Regional distribution of selective neuronal loss and microglial activation across the MCA territory after transient focal ischemia: quantitative versus semiquantitative systematic immunohistochemical assessment

Julius V Emmrich 1,2,6, Sohail Ejaz 1,6, Jonas J Neher 3,7, David J Williamson 1,4, Jean-Claude Baron 1,5,*
PMCID: PMC4294404  PMID: 25352044

Abstract

Histopathologic assessment in transient middle cerebral artery occlusion (MCAo) rodent models generally lacks comprehensiveness and exposes to interobserver bias. Here we compared a novel quantitative assessment of regional infarction, selective neuronal loss (SNL) and microglial activation (MA) across the MCA territory to a previously published semiquantitative visual protocol. NeuN and OX42 immunohistochemistry was applied after either 15 or 45 minutes distal MCAo to maximize SNL and infarction, respectively. Survival times varied from 28 to 60 days to cover potential biases such as delayed tissue shrinkage. Damage was assessed using a template of 44 cytoarchitectonic regions of interest (ROIs) mapped onto a subset of digitized coronal sections spanning the MCA territory. For each ROI were obtained a semiquantitative visually determined index of histopathologic changes (method 1), and lpsilateral/contralesional ratios of remaining neurons and activated microglia cell counts (method 2). There was excellent agreement between the two methods for 28-day survival for both MCAo durations, whereas method 2 more sensitively detected subtle SNL and MA at 45 days and 60 days after 15-minute MCAo. Thus the visual method is accurate for usual degrees of ischemic damage, but absolute cell quantification is superior to detect subtle changes and should therefore be preferred in brief MCAo models, although requires optimal staining quality.

Keywords: brain ischemia, immunohistochemistry, inflammation, selective neuronal death

Introduction

Within the acutely ischemic brain, there are two major regions of injury: the ischemic core, where severe hypoperfusion rapidly causes irreversible membrane damage, cell death, and progression toward tissue infarction (pan-necrosis), and the comparatively less hypoperfused ischemic penumbra, where cells are equally nonfunctional but are still viable and that will escape infarction if perfusion is reestablished early enough.1, 2 Although rescuing the penumbra is the main determinant of neurological recovery, studies in humans and various animal species have shown that the salvaged penumbra may be affected by selective neuronal loss (SNL).
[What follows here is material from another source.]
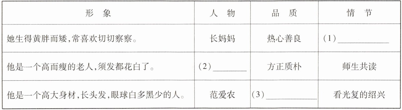 3. (2024·广元中考)在《朝花夕拾》中,鲁迅擅长用颜色来描写人物,文中各“色”小人物身上,处处透露出人性的光辉,彰显着中国人的本色。请根据你的阅读体验,填写人物档案。

Importantly, SNL, which refers to the death of single or patches of neurons with preserved tissue integrity, is consistently associated with microglial activation (MA) in the first few weeks after injury.3 As both these processes might impede functional recovery after reperfusion, they are considered potential new therapeutic targets in postacute ischemic stroke (see Baron4 for review). It is therefore important in animal models of transient focal cerebral ischemia mimicking early recanalization in the clinical setting to be able to reliably assess the regional distribution and intensity of the full spectrum of tissue damage, from pan-necrosis to subtle SNL and MA.
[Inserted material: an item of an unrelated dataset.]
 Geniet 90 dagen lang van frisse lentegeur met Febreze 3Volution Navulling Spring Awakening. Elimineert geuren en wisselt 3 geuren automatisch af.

Histopathologic evidence of SNL and MA within the rescued penumbra has been well characterized in various animal models of focal ischemia. As recently extensively reviewed,3 transient (⩽30 minutes) proximal middle cerebral artery occlusion (tMCAo) in rats causes mainly striatal SNL with small and occasional cortical patches of SNL. However, cortical pathology is of particular clinical relevance owing to its greater rescueability by thrombolysis and more pronounced and long-lasting behavioral effects in the clinical setting (see Baron4 for review), which also applies to sensorimotor function in rodent models.3, 5, 6, 7 Consistently extensive, pure cortical SNL can be induced using distal tMCAo.8, 9, 10

Hematein and eosin and Nissl staining have been traditionally used for postmortem assessment of SNL, detecting dead or dying neurons based on evaluation of cellular morphology and staining features.11, 12, 13 However, a limitation of these conventional staining methods is that once dead neurons have been cleared by phagocytosis, neuronal loss can be difficult to assess on the background of similarly stained glial cells or neuropil, potentially leading to underestimating or even completely missing the damage. In addition, quantitative assessment of MA using these nonspecific stains is not practical. In contrast, thanks to the more recent introduction of specific antibodies directed against neuronal or microglial cellular surface markers such as NeuN or OX42, respectively, straightforward assessment of SNL and MA, expressed as reduced or increased staining intensity against background, respectively, is now possible. In addition, selective immunohistochemical staining allows for easy quantification of these changes by standard cell-counting methodology.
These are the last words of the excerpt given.